Canadian lawyer and human rights professional

Birju Dattani is a Canadian lawyer and human rights professional who is a senior fellow at the Centre for Free Expression at Toronto Metropolitan University. Dattani was previously appointed as Chief Commissioner of the Canadian Human Rights Commission in 2024. He was forced to resign before starting his role due to accusations of antisemitism, although an investigation by a third-party law firm found no evidence of antisemitism.

== Early life and education ==
Dattani was born in Calgary, Alberta, to parents who were refugees from Uganda. He later attended the University of Wales and the London School of Economics.

== Career ==
Prior to his federal appointment, Dattani served as the executive director of the Yukon Human Rights Commission. He also worked as Director of Human Rights and Conflict Resolution at Centennial College and worked as Assistant Regional Director at the Alberta Human Rights Commission.

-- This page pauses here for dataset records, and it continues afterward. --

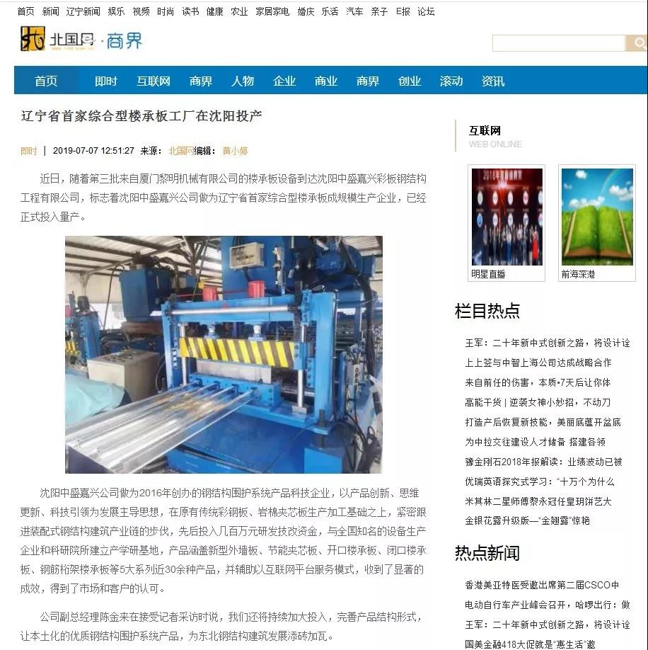 《媒体看中盛》北国网:辽宁省首家综合型楼承板工厂在沈阳投产
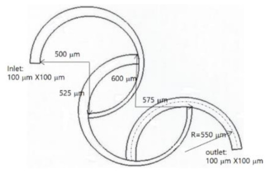 The present numerical approach was validated by simulating the micromixer examined by Sheu et al. [27]. Figure 5 presents a schematic diagram consisting of three circular channels. The second and third channels were connected 180° away from the beginning of the first and second channels, respectively. The first and second circular channels were three-quarters long, and their cross-sections were rectangular. The width tapered from 100 μm to 50 μm while the depth was kept constant at 100 μm. The third channel was 180° long and its cross-section was a square 100 μm in length. The radius of curvature of all three circular channels was 550 μm.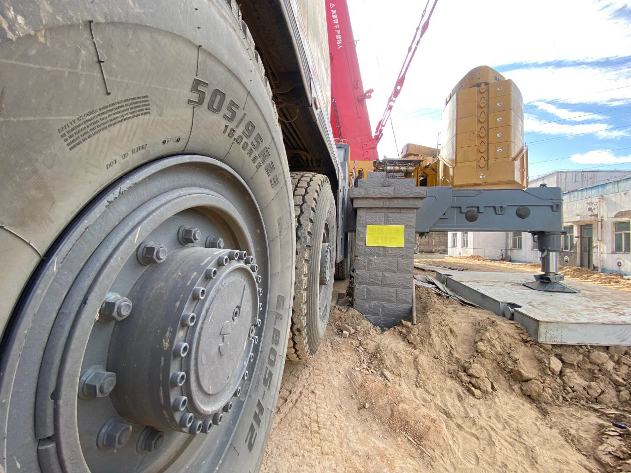 准备要吊装的钢桁架位置也十分尴尬,刚好“嵌在”取热车间和场地围栏中间,因此,留给SAC3500T的空间也所剩无几,只能停放在暖气管沟附近。为了防止吊车荷载引起土方变形,施工方起开了暖气管沟盖板,在管沟内回填土方。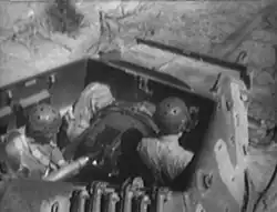 All the US tank destroyers were built without turret roofs. This was done to save weight but also allowed a wider field of view to spot enemy armor[15] and quicker ammunition stowage. The drawbacks included vulnerability to small arms fire (especially from elevated positions), grenades, and splinters from air bursting artillery.[32] Exposure to wind, rain, snow and freezing temperatures also made operations difficult, and many tank destroyer crews placed tarpaulins or other material over the turret to improve both their comfort and their operational effectiveness.[33] Other significant differences between tank destroyers and tanks was that tank destroyers lacked coaxial and bow .30-caliber machine guns. This reduced their ability for infantry support and close-in self defense. Tank destroyers did retain a turret top .50-caliber machine gun as did medium tanks and useful for reconnaissance by fire and self defense.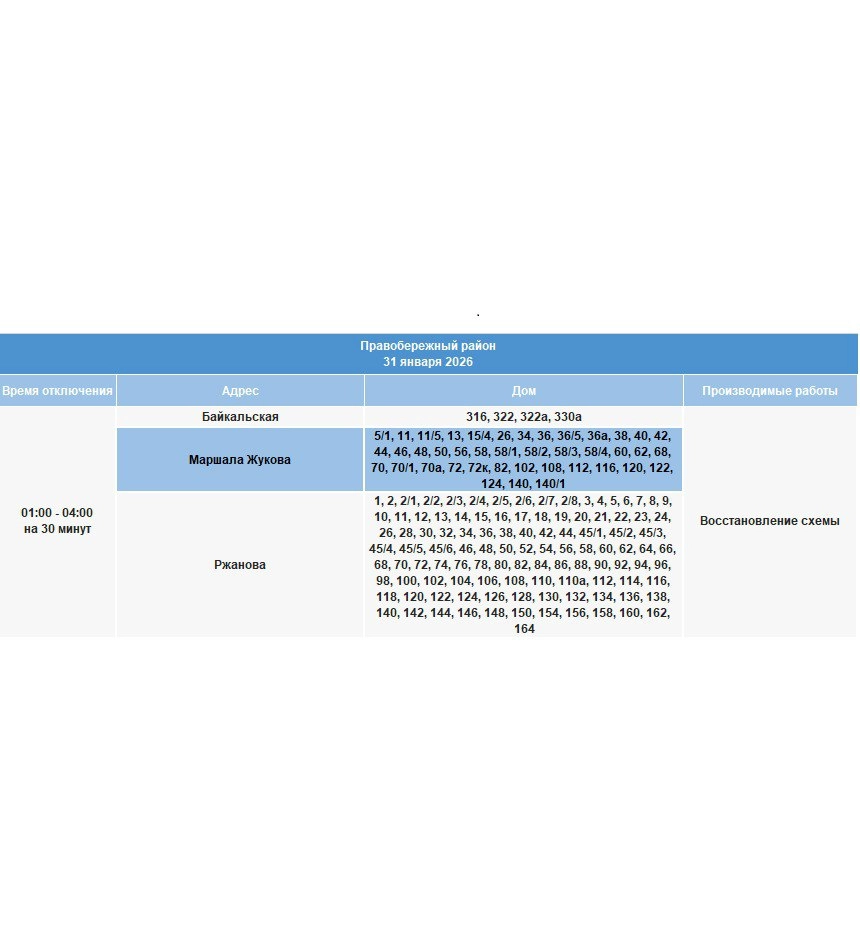 Отключение света в Иркутске произойдет 31 января. Электричества не будет в части домов по улицам 1-й Ленинский квартал, Кирзаводская, Томсона, Байкальской, Маршала Жукова, Ржанова, Белинского, Герцена, Гоголя, Жуковского, Звездинской, Клары Цеткин, Колхозной, Профсоюзной, Пушкина, Челнокова, Чернышевского, Шмидта.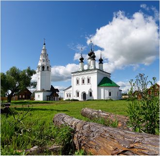 единственная в Суздале шатровая колокольня, стены которой почти лишены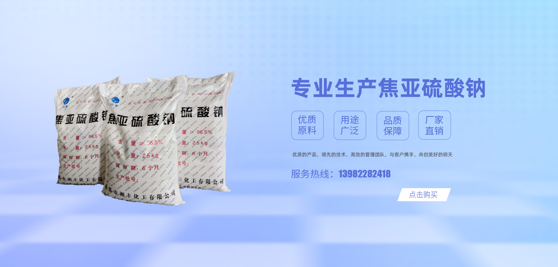 成都市湘豐化工有限公司座落在四川省成都市新津精細(xì)化工園中,占地10000多平方米,是一家有十幾年焦亞硫酸鈉生產(chǎn)經(jīng)驗的企業(yè),設(shè)計年生產(chǎn)能力2萬噸。 焦亞硫酸鈉又稱二硫五氧酸鈉,重硫氧,有著廣泛的用途:在醫(yī)藥工業(yè)中用于生產(chǎn)氯仿、苯丙砜和苯甲醛;橡膠工業(yè)用做凝固劑;印染工業(yè)用作棉布漂白后的脫氯劑、棉布煮煉劑;制革工業(yè)用于皮革處理,能使皮革柔軟,豐滿、堅韌,具有防水、抗折、耐磨等性能...

=== Appointment to Canadian Human Rights Commission and Resignation. ===
Dattani was appointed to become the first Muslim or racialized chief commissioner of the Canadian Human Rights Commission, with a term to begin August 8, 2024. However, pro-Israel organizations accused Dattani of antisemitism when he was a graduate student ten years ago using the alias Mujahid Dattani, prompting justice minister Arif Virani to order an independent law firm investigation.

In 2015, Dattani had appeared on an academic panel with a member of the Islamic fundamentalist group Hizb ut-Tahrir, which calls for the destruction of Israel and the establishment of an Islamic caliphate. Dattani denied knowing that the other panellist was a member of the group and said "I wholeheartedly disagree with and condemn Hizb ut-Tahrir". The Centre for Israel and Jewish Affairs also alleged Dattani had made comparisons of Israel and Nazi Germany a decade ago using the Twitter account @mujahid_dattani. Dattani acknowledged sharing an article entitled “Palestinians are Warsaw Ghetto Prisoners of Today” but said that it was "for discussion as I was an academic studying such issues" and that he "did not agree with the comparison".

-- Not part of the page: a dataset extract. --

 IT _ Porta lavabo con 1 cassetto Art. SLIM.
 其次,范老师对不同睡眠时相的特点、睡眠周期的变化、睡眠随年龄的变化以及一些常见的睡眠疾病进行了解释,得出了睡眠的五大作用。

Virani received the report on August 7, 2024 and announced that Dattani would be on leave pending a review of the findings. The report found that there was no evidence Dattani "harboured or harbours any beliefs that would be characterized as anti-Semitic or that he has demonstrated any biases (conscious or unconscious) towards Jews or Israelis." It also stated that Dattani had demonstrated "a high degree of self-awareness and sensitivity to the current challenges faced by the Jewish community in Canada as well as a commitment to continue to learn about those challenges in the future." While Dattani had disclosed the name "Birju Muhahid" and "Birju M." to the government, the report found he had failed to disclose the alias "Mujahid Dattani" and that he did not "directly disclose" his past scholarship on Israel-Palestine. Virani sent the results to Dattani with a letter expressing concerns about his candour. On August 1, Dattani sent submissions to the Minister's office, which took issue with the report's findings on disclosure stating that he did disclose the name Mujahid and the investigators did not explain why they did not find his explanation that he had intended to include a comma between Birju and Mujahid to not be credible, as they are required to do when making an adverse finding. He also noted that he did not emphasize his past scholarship because he focused on his most relevant work experience. On August 12, Dattani said he "agreed to resign" from the role without having undertaken any duties and that he "remain[ed] a steadfast believer in the Commission’s work, mandate, and its importance to our democracy."

=== Career Following Resignation ===
After resigning from the Canadian Human Rights Commission, Dattani became a senior fellow at the Centre for Free Expression at Toronto Metropolitan University.

=== Defamation Lawsuits ===
In February 2025, Dattani filed defamation lawsuits against Conservative Party of Canada deputy leader Melissa Lantsman, right-wing commentator Ezra Levant, and the Centre for Israel and Jewish Affairs alleging they mischaracterized him as antisemitic and connected to terrorism even after the independent third party investigation found these allegations to be unfounded. His fundraising project for the lawsuits fell short as he failed to raise more than a quarter of his aim.